■ WHAT YOU HAVE TO DO: Give a verbatim copy of the data, leaving the pictures out.
---------- DATA TO PROCESS
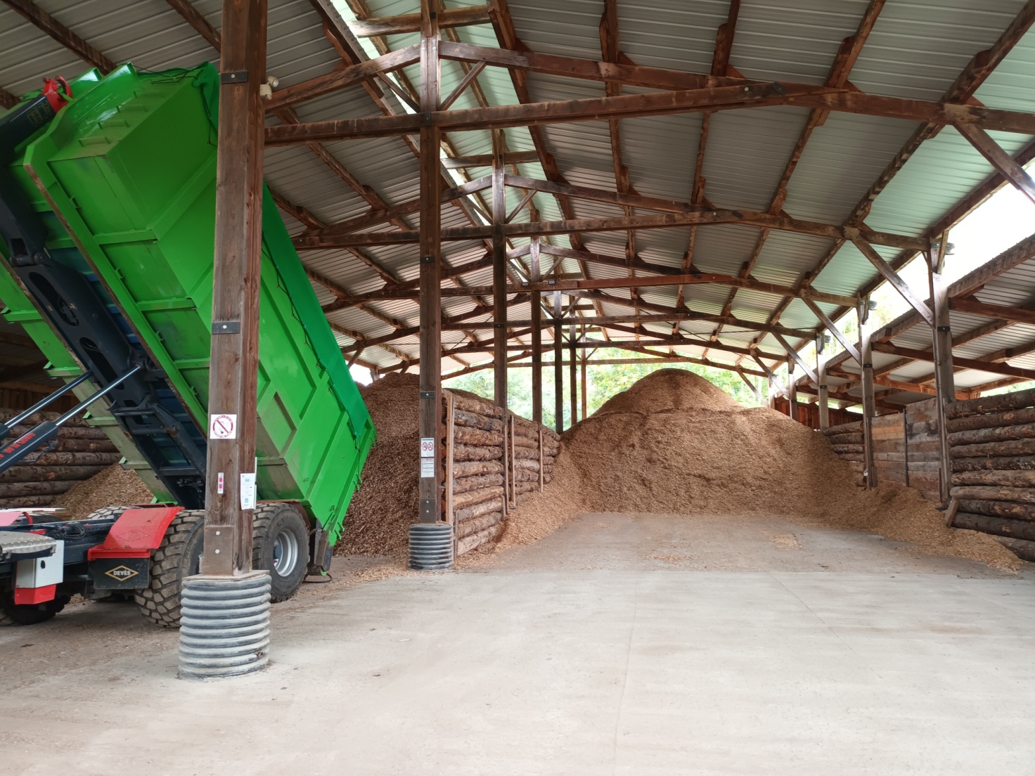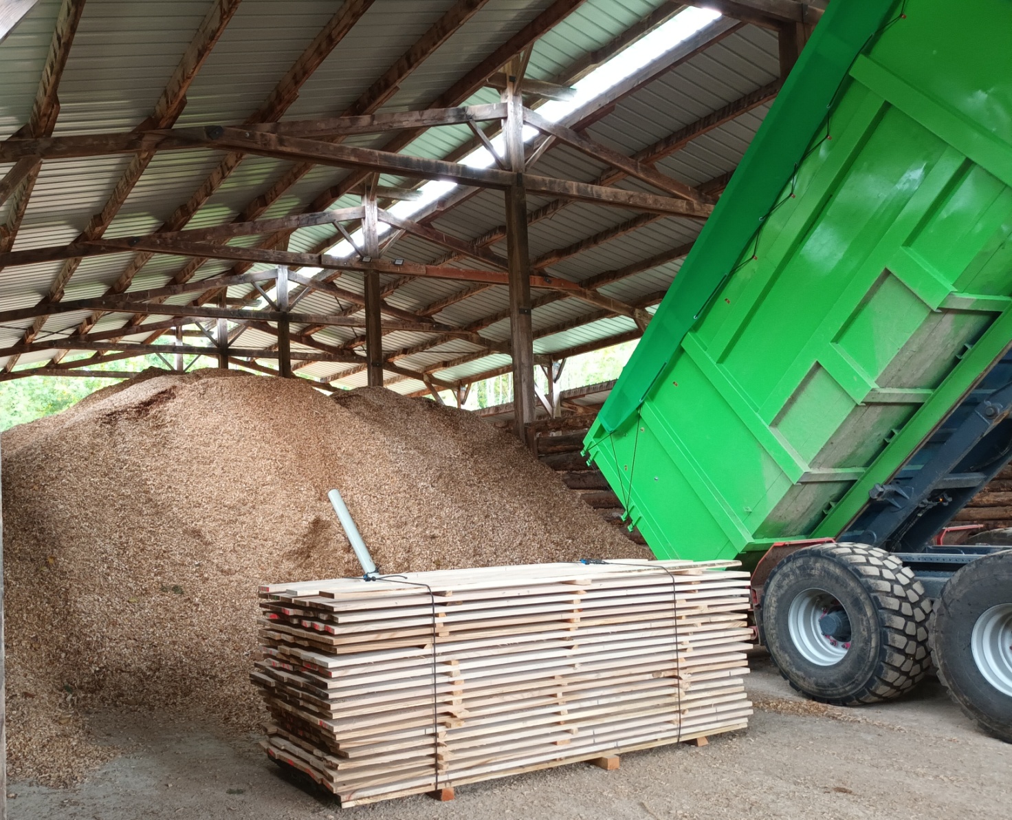 Une fois broyée, la plaquette forestière est acheminée vers le hangar pour le stockage et le séchage :
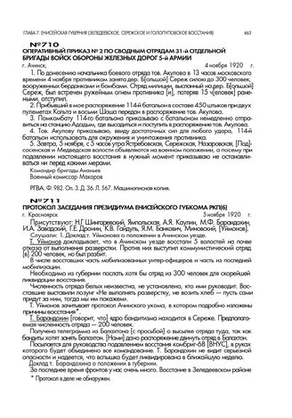 Протокол заседания президиума Енисейского губкома РКП(б). г. Красноярск. 5 ноября 1920 г. // ГАНО. Ф.п. 1. Оп. 1. Д. 125. Л. 68. Машинописная копия.
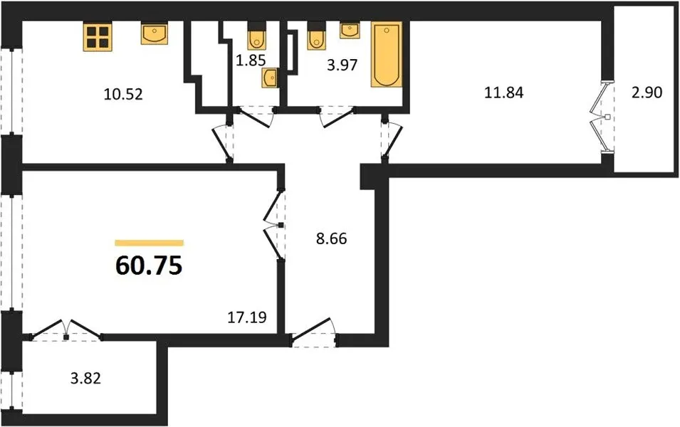 - Функциональные двухкомнатные 57-74 м² — идеальный вариант для малой семьи
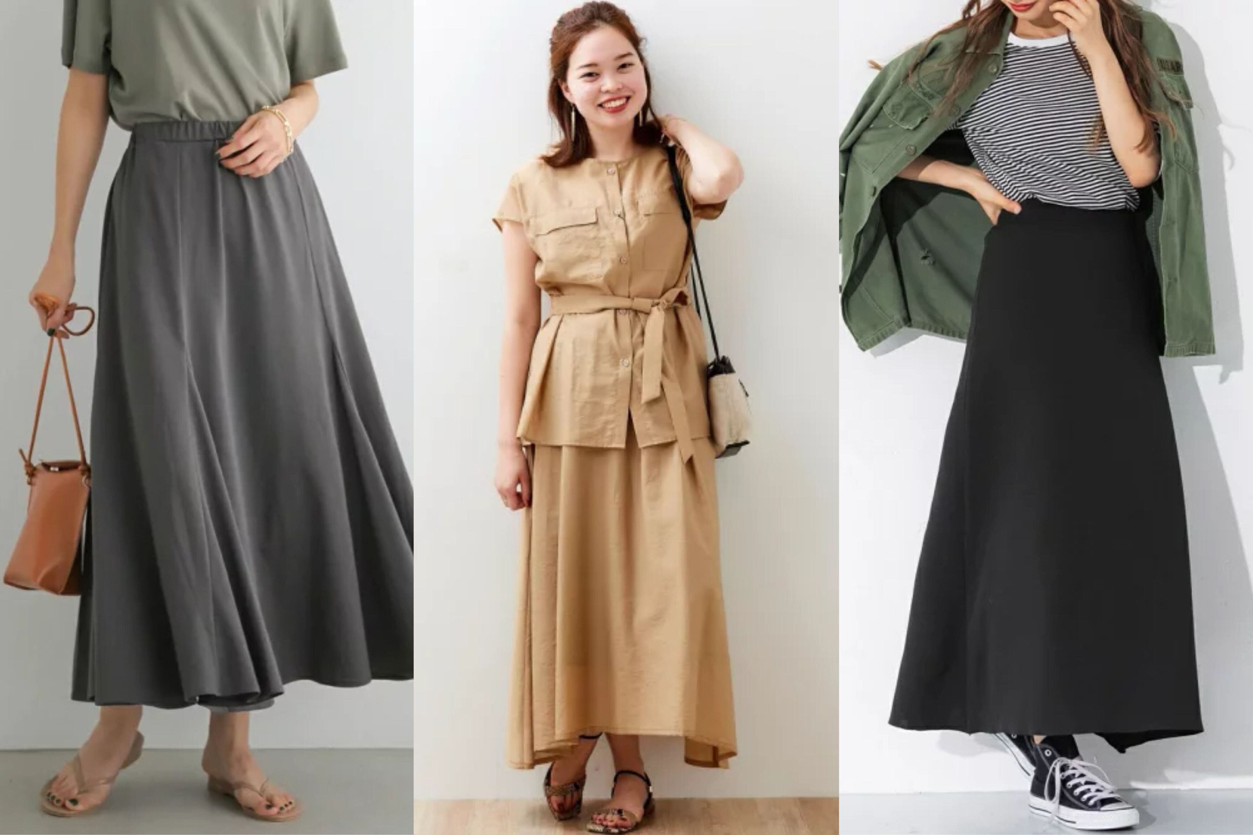 シンプルな形状のフレアスカートは、カラーによって雰囲気をガラッと変えることができます。トップスをコンパクトにまとめると、すっきりスタイルよく着こなせますよ。
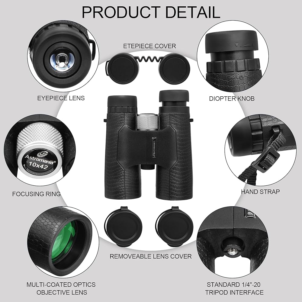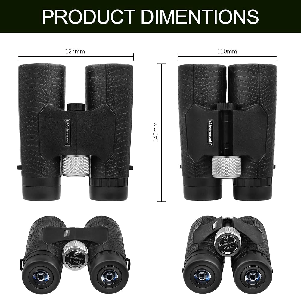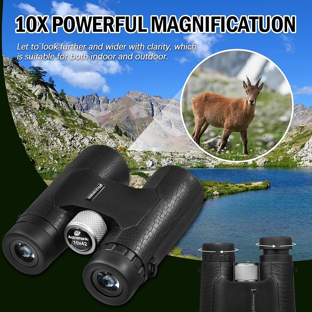 【HIGH-POWERED LARGE EYEPIECE BINOCULARS】 This binoculars has 10x magnification, 42mm objective lens and wide field of view, 288ft/1000yds, letting you look farther and see wider. Coating with premium BAK7 prism, it ensure imaging verisimilar.
--------------------
■ RESULT OF THE EXERCISE:
 Une fois broyée, la plaquette forestière est acheminée vers le hangar pour le stockage et le séchage :
 Протокол заседания президиума Енисейского губкома РКП(б). г. Красноярск. 5 ноября 1920 г. // ГАНО. Ф.п. 1. Оп. 1. Д. 125. Л. 68. Машинописная копия.
 - Функциональные двухкомнатные 57-74 м² — идеальный вариант для малой семьи
 シンプルな形状のフレアスカートは、カラーによって雰囲気をガラッと変えることができます。トップスをコンパクトにまとめると、すっきりスタイルよく着こなせますよ。
 【HIGH-POWERED LARGE EYEPIECE BINOCULARS】 This binoculars has 10x magnification, 42mm objective lens and wide field of view, 288ft/1000yds, letting you look farther and see wider. Coating with premium BAK7 prism, it ensure imaging verisimilar.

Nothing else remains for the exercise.